社会的認知研究によると、真顔の人よりも笑顔の人はさまざまなコミュニケーション特性についてより好意的に認知されることが示されている。また、習慣的な笑いに関する性差の研究によると、女性は男性よりも日常的に笑顔を見せることが示されている。そこで、本研究では男性よりも女性は笑顔の人をより誠実な人として認知するといった仮説について検証を行った。本研究は不確実性の回避(uncertainty avoidance)の程度が異なる7か国で実施した。参加者(女性・男性)は笑顔と真顔の人の写真を見て、その人の誠実性を評価した。真顔の人の誠実性に関して性差は見られなかったが、笑顔の人の誠実性に関して男性よりも女性は高く評価していた。したがって、性別は笑顔の人の誠実性の認知に影響を与えることが示唆され、社会規範の観点から考察を行った。
●文献情報
Krys, K., Hansen, K., Xing, C., Espinosa, A. D., Szarota, P., & Morales, M. F. (in press). It is better to smile to women: Gender modifies perception of honesty of smiling individuals across culture. International Journal of Psychology.
以下、ざっくり内容紹介
- 笑顔の人の誠実性の評価に性差があることを示した研究です。実験は7か国(中国・ドイツ・メキシコ・ノルウェー・ポーランド・南アフリカ共和国・アメリカ)で実施して、文化差についても検討しています。明確な文化差は確認されていませんが、ドイツ・メキシコ・ノルウェー・ポーランドの男性参加者は、誠実性に対する笑顔の効果が見られませんでした。
- 先行研究から笑顔は誠実性のシグナルであり、笑顔の人は誠実性や社会性などのコミュニケーション特性についてより好意的に認知されることが示されています。また、男性よりも女性は笑顔の表出が多く、非言語的手がかりの解読能力が優れていることが示されています。

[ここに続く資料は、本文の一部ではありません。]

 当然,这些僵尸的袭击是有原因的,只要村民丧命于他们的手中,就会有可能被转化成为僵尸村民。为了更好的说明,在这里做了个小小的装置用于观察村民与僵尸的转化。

- 以上のような知見から、今回の研究では男性よりも女性は笑顔を表出している人の誠実性を高く評価するだろうといった仮説を検証しています。
- 実験は非常に単純です。笑顔の人と真顔の人の写真を見せて、誠実性に関する4つの特性(honesty, authentic, unnatural, and false)を7件法(1:特性はまったくあてはまらない~7:特性が完全にあてはまる)で評価させていました。
- 実験計画はやや複雑です。「写真の表情(笑顔・真顔)」×「写真の人の性別(男性・女性)」×「参加者の文化(7か国)」×「参加者の性別(男性・女性)」の4要因でした。前2つが参加者内、後ろ2つが参加者間要因でした。

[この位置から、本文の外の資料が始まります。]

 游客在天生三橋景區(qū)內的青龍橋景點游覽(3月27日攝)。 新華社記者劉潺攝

- 4要因の分散分析の結果、「写真の表情」「参加者の文化」「参加者の性別」の主効果が有意でした。細かい結果は本文をご覧ください。なぜか「参加者の文化」だけ下位検定されていませんでした…。
- 「写真の表情」×「参加者の性別」の交互作用が有意でした。男性、女性の参加者の両方が真顔よりも笑顔の人の誠実性を高く評価していました。また、真顔の人の誠実性の評価に差が見られなかった一方、笑顔の人に対して男性よりも女性は誠実性を高く評価していました(図1)。
図1 参加者の性別・写真の表情別の誠実性の評価
- 「写真の表情」×「写真の人の性別」の交互作用も有意でした。笑顔の人は男性と女性ともに誠実性が高く評価されていましたが、真顔の人は男性よりも女性の誠実性が高く評価される傾向が見られました(図2)。
図2 写真の人の性別・写真の表情別の誠実性の評価
- 「参加者の文化」×「参加者の性別」の交互作用も有意でした。上述したように、特定の国の男性には誠実性に対する笑顔の効果が見られませんでした。
- 図1と図2を見ると笑顔の効果はそんなに大きくなく見えますが、論文の表1に掲載されている効果量を見ると参加者が女性のときはd = .52~.74、男性のときはd = -.00~.49となっており、中程度くらいの効果は見られるようです。
- 真顔において女性の誠実性が高く評価される傾向について社会規範の観点から考察されています。以上の結果から、女性には笑顔で接した方がよいようです。